Facebook shelves its brain-reading interface project to move in a different direction
Facebook Inc. proclaimed in 2017 that it was developing noninvasive technology that would measure thought signals, but today the company announced that the dream is no more.
When the company announced it was working on a Brain-Computer Interface or BCI that would allow people to “type just by imagining the words,” there were of course skeptics. One neuroscientist said, “It remains to be seen how realistic it is to get this highly detailed information noninvasively.”
At the time, Regina Dugan, Facebook’s vice president of engineering, asked the question, “What if you could type directly from your brain?” That seemed like an outlandish question, but it was also a noble ambition that, if it succeeded, could help disabled people live better lives.
The plan was to use near-infrared spectroscopy technology to measure brain impulses. People would have to wear some kind of device on their head, and then thinking alone would lead to action that would normally be typed by hand.

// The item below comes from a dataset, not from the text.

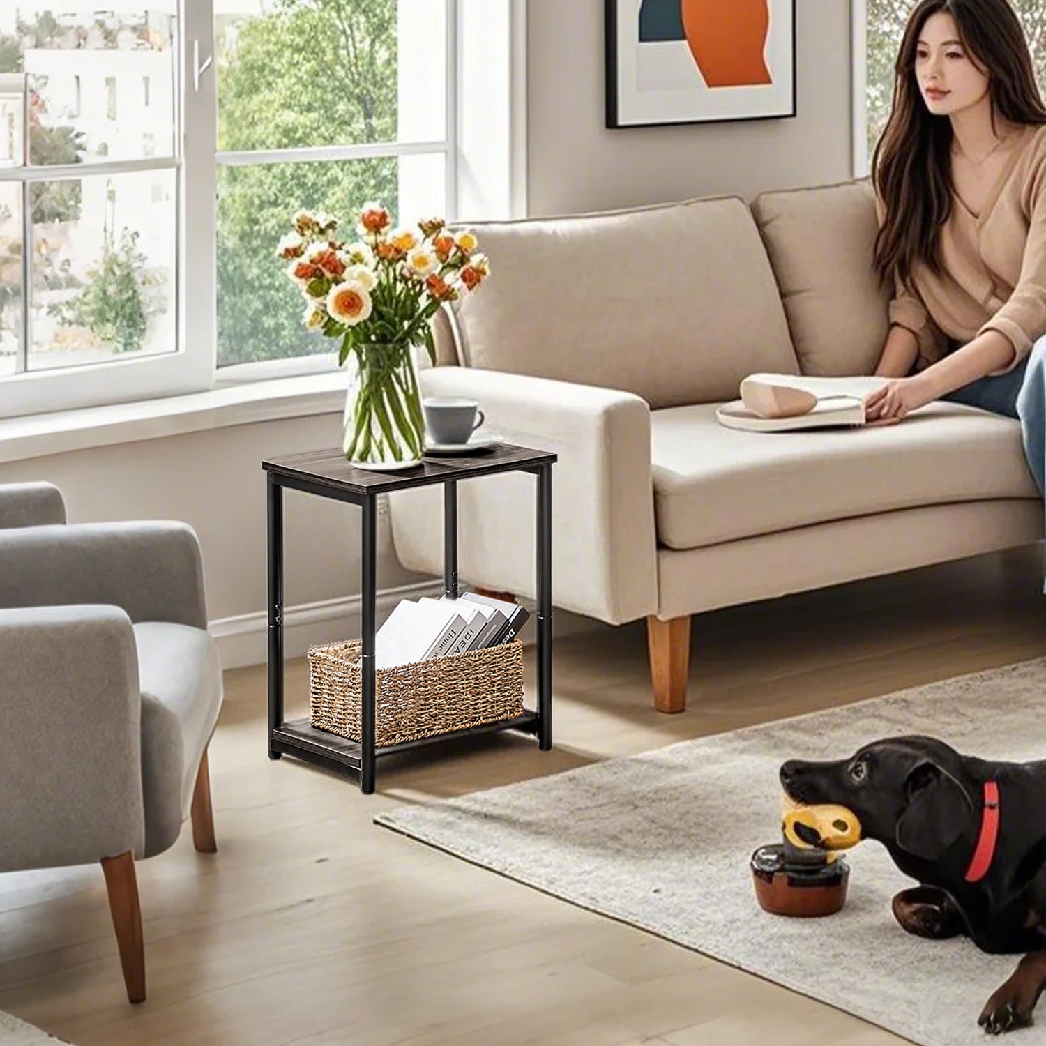 Side Tables Set of 2, Slim Industrial End Tables with Storage Shelf, Sturdy Steel Frame & Particleboard, Multi-Use for Living Room,Bedroom,Office, Chestnut Brown & Black

“Even something as simple as a ‘yes/no’ brain click, or a ‘brain mouse,’ would be transformative,” Dugan said at the time. The end goal, however, was to create a technology that would allow someone to think into existence 100 words per minute.
Today, Facebook said that over four years the team working on the technology has made “great progress,” but the company admitted that the goal was perhaps a little overly ambitious. Reality Labs has not given up, though, and is now currently working on a different way to use BCI technology.
“While we still believe in the long-term potential of head-mounted optical BCI technologies, we’ve decided to focus our immediate efforts on a different neural interface approach that has a nearer-term path to market: wrist-based devices powered by electromyography,” said the company.
Explaining how this would work, Facebook said brain signals that lead to the movement of the hand and fingers will be turned into digital commands when captured by the wrist device. “These signals will let you communicate with your device with a degree of control that’s highly reliable, subtle, personalizable, and adaptable to many situations,” said Facebook.
Used with a virtual or augmented reality headset or glasses, hand and finger gestures will be captured, giving a person the ability to do things in those realities with very little movement. This could be typing letters on a virtual keyboard or shooting someone in a game, which sounds more realistic than brain reading.